Thanks for sharing chef.


----------



## SixFootScowl (Oct 17, 2011)

From the Michigan Opera Theater:



> 60 years ago, soprano Leontyne Price and tenor Franco Corelli made their joint debuts in Verdi's opera Il Trovatore at the Metropolitan Opera House. Critics and audience members alike showered the two with high praise and endless ovations. In later years Miss Price often spoke of her 42 minute ovation and countless curtain calls that evening.
> 
> With her gloriously spun top notes, which seem to hang in the air, and his virile and ringing High B-flats, audiences were sent into a frenzy whenever the two appeared together over the next decade.
> 
> ...


https://michiganopera.org/celebration-of-leontyne-prices-94th-birthday/


----------



## MAS (Apr 15, 2015)

Kurt Herbert Adler brought her to San Francisco in 1957 and in the first two seasons she sang the expected *Aida*, then in the U.S. premiere of *Dialogues of the Carmelites*, the next year included *Die Kluge*, but soon mostly in middle Verdi, with the odd excursion to *Madama Butterfly*, and *Don Giovanni* and Liu in *Turandot*. My first sight of her was in *I'll Tabarro*, as Giorgietta to Gabriel Bacquier.
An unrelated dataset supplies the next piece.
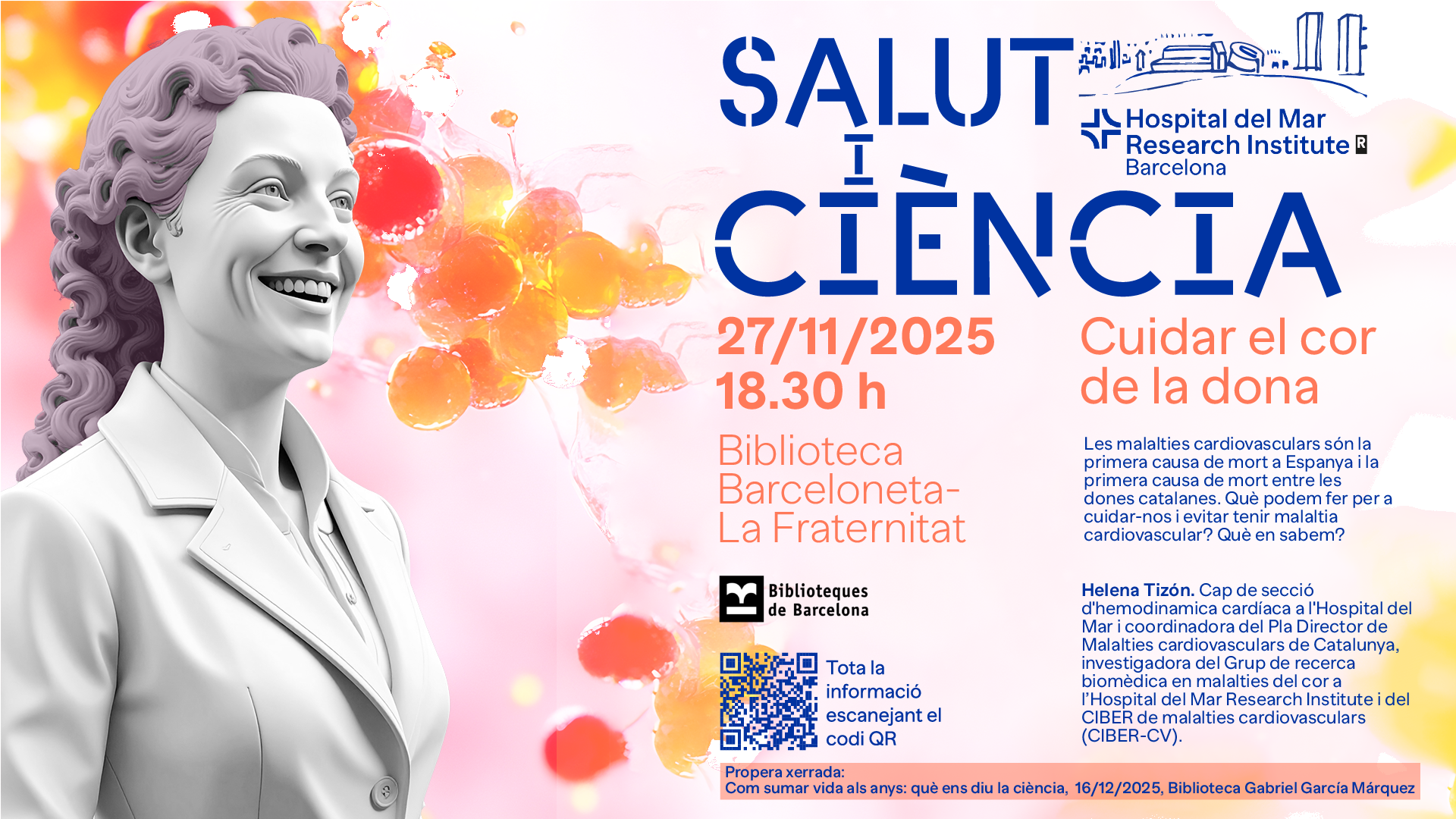 En el marc del Projecte Salut i Ciència en col·laboració amb les biblioteques de Barcelona, us convidem el proper dia 27 de novembre a la xerrada "Cuidar el cor de la dona" a càrrec d’Helena Tizón, cap de secció d'hemodinamica cardíaca a l'Hospital del Mar i coordinadora del Pla Director de Malalties cardiovasculars de Catalunya, investigadora del Grup de recerca biomèdica en malalties del cor a l'Hospital del Mar Research Institute i del CIBER de malalties cardiovasculars (CIBER-CV).

Then to Verdi in *Il Trovatore*, *Aida, Forza*, and an unexpected appearance as *Aida*, subbing for _Margaret_ Price, opposite Luciano Pavarotti (she insisted and got $1.00 more than he did).
Meanwhile she tried out *Ariadne auf Naxos* and *Manon Lescaut*, neither a success. She repeated *Dialogues of the Carmelites* two and a half decades after her first appearance in the opera, opposite sopranos who participated in the _premières_ in Italy, France, and the U.S., namely Virginia Zeani, Régine Crespin, and herself as Madame Lidoine. Her final *Aida*s in San Francisco were in 1984. She could still spin the ethereal notes in the Nile Scene. A solo recital ended her tenure here.


----------



## mparta (Sep 29, 2020)

There's a very late Ch'il bel sogno di Doretta on YouTube with Levine in concert. Exquisite.


----------



## Seattleoperafan (Mar 24, 2013)

64 and still the best at "Zweite Brautnacht. Great C#. Many talented singers assail the peak of this aria, but she is the queen.


----------



## Allegro Con Brio (Jan 3, 2020)

Yesterday I just realized how unfortunate it was that I had previously neglected this singer. I heard her in Verdi’s Requiem in the 1960 Reiner recording. Wow! As sheer voice her sound is simply luxurious, almost ethereal. And she infused the Requiem finale with incredible attention to the text, as if she was truly praying with blood-sweating passion. Incredible, what an artist.


----------



## mparta (Sep 29, 2020)

Allegro Con Brio said:


> Yesterday I just realized how unfortunate it was that I had previously neglected this singer. I heard her in Verdi's Requiem in the 1960 Reiner recording. Wow! As sheer voice her sound is simply luxurious, almost ethereal. And she infused the Requiem finale with incredible attention to the text, as if she was truly praying with blood-sweating passion. Incredible, what an artist.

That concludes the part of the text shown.